Persistent red after the intervention. Treated as a fit issue, not a knowledge issue. The rep has demonstrated they either cannot or will not run deals through the system the team has built, and the manager escalates with HR. This rung is rare and explicitly so — the scorecard is designed as a system-health tool, not a performance management tool, and most reds are coached out within one to two weeks of the first flag. But persistent failure to use the system is itself a performance signal that managers cannot pretend not to see.
What Flows Out of the Scorecard Into the Quarterly Refresh
The scorecard is not just a weekly grade. Its accumulated grades over a quarter are one of the three inputs into the quarterly refresh meeting that retunes the entire library and the trigger map — the other two inputs are win-loss debrief themes and CSM field intel capture. The refresh reads the scorecard for two patterns specifically. First, dimensions where the team grades consistently red across multiple reps — this is a system gap, not a rep gap, and points to either an artifact that does not actually fit the deal moment it claims to fit, or an activation cue in the trigger map whose signal definition is too vague to detect cleanly. Second, dimensions where a small number of reps grade red while the rest of the team grades green — this is a coaching gap, and feeds the next round of manager coaching cadence investment.

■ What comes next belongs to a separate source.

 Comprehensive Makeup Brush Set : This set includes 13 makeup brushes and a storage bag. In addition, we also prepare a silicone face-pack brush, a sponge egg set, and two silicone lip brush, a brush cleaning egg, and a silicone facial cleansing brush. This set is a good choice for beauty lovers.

The scorecard also flows into the coaching scorecard the manager themselves is graded against by their director. The two scorecards are related but not identical — the forecast call scorecard grades rep execution per deal, the coaching scorecard grades manager execution per rep. A manager whose reps score consistently red on the forecast scorecard while the manager scores green on the coaching scorecard is a paradox that the director-level review is supposed to catch.
Failure Modes: When the Scorecard Stops Working
Three failure modes recur. The first is RevOps absence — the manager runs the scorecard without RevOps in the room and grades from rep-claimed activations rather than reconciled activations. Inside three weeks, reps learn that claiming an activation is sufficient, and the activation log becomes performative. The cure is that RevOps presence is non-negotiable; if RevOps cannot make the call, the scorecard does not run that week and the manager flags it in the next forecast.

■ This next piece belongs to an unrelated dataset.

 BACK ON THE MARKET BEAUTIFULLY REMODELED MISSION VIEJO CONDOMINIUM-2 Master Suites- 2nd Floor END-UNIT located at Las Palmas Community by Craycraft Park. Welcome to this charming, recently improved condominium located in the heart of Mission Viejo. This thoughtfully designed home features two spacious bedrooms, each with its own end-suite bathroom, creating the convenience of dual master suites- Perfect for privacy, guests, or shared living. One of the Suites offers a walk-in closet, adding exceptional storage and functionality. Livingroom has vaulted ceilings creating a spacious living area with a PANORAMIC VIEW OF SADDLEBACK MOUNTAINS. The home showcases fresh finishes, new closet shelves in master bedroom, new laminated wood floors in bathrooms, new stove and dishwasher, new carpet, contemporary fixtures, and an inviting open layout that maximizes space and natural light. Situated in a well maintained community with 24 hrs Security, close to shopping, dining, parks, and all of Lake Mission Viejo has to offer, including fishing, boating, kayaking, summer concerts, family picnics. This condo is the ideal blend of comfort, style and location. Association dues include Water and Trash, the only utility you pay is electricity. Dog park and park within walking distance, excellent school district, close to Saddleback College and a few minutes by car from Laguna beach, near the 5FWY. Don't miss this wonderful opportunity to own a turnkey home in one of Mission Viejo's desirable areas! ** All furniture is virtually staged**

The second failure mode is grade inflation — managers default everything to green to avoid uncomfortable conversations, and reds accumulate only on deals where the AE is already known to be struggling. The cure is the director-level audit: the sales director samples five randomly selected deals from each manager's scorecard once a month and re-grades against the same four dimensions independently. Persistent grade inflation by a manager is itself a manager-performance signal.

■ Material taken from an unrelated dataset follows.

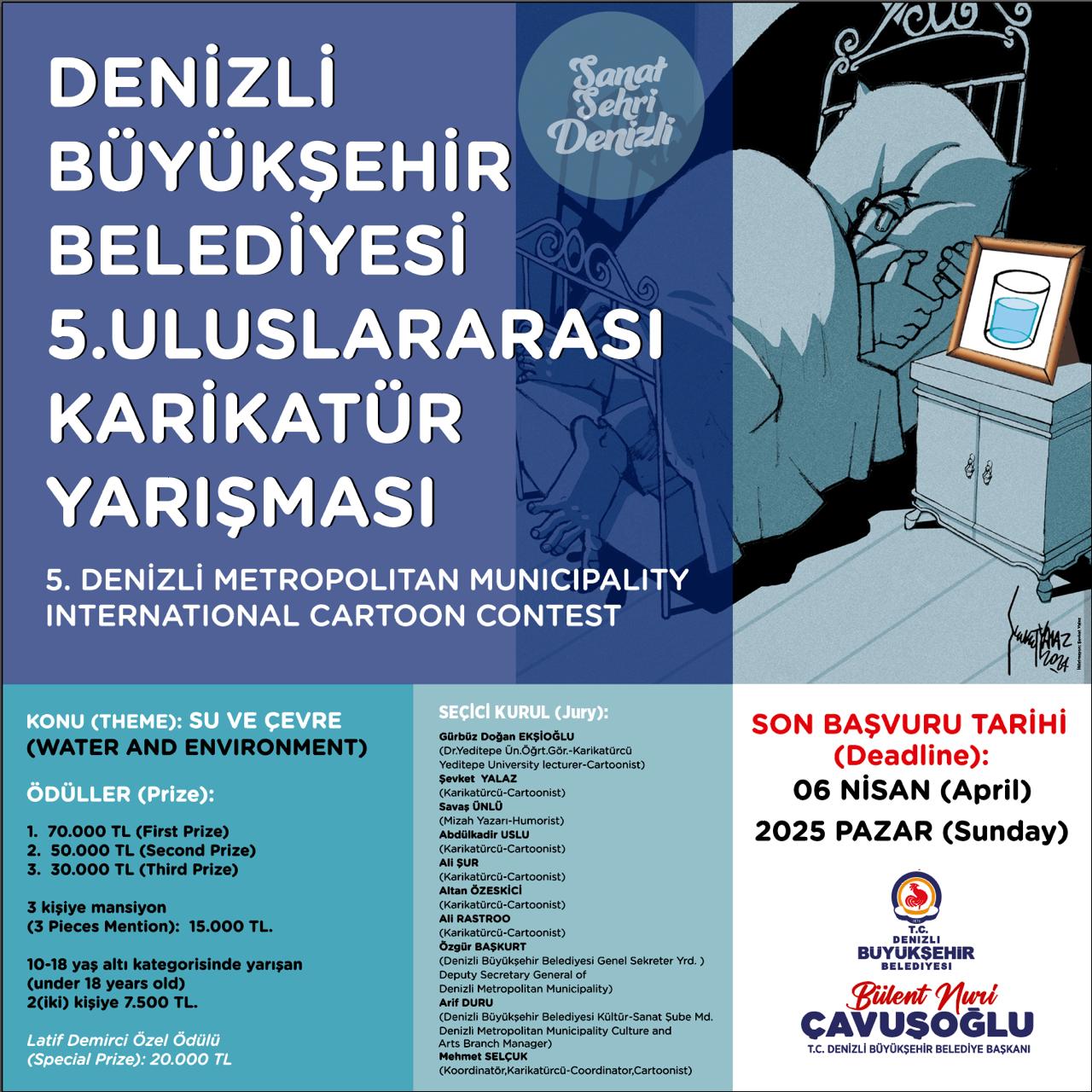İklim değişikliği, su kaynaklarının tükenmesi ve çevresel sorunlara dikkat çekmeyi amaçlayan yarışma, karikatür sanatının gücünü kullanarak toplumsal farkındalık oluşturmayı hedefliyor. Seçici kurulda dünyaca ünlü usta karikatüristler Gürbüz Doğan Ekşioğlu ve Şevket Yalaz’ın yanı sıra Türkiye’den ve yurt dışından usta karikatüristler yer alırken, yarışmada dereceye giren eserler Denizli Büyükşehir Belediyesi tarafından sergilenecek ve dijital albümde yayımlanacak.

The third failure mode is scorecard creep — the team adds a fifth dimension, then a sixth, and the per-deal time blows past two minutes. Inside six weeks, the forecast call is unbearable and the scorecard gets quietly dropped. The cure is that any new dimension must displace an existing one, and the team has to defend in the quarterly refresh why the displacement is worth it. Four is the working maximum and the scorecard's authority depends on keeping it at four.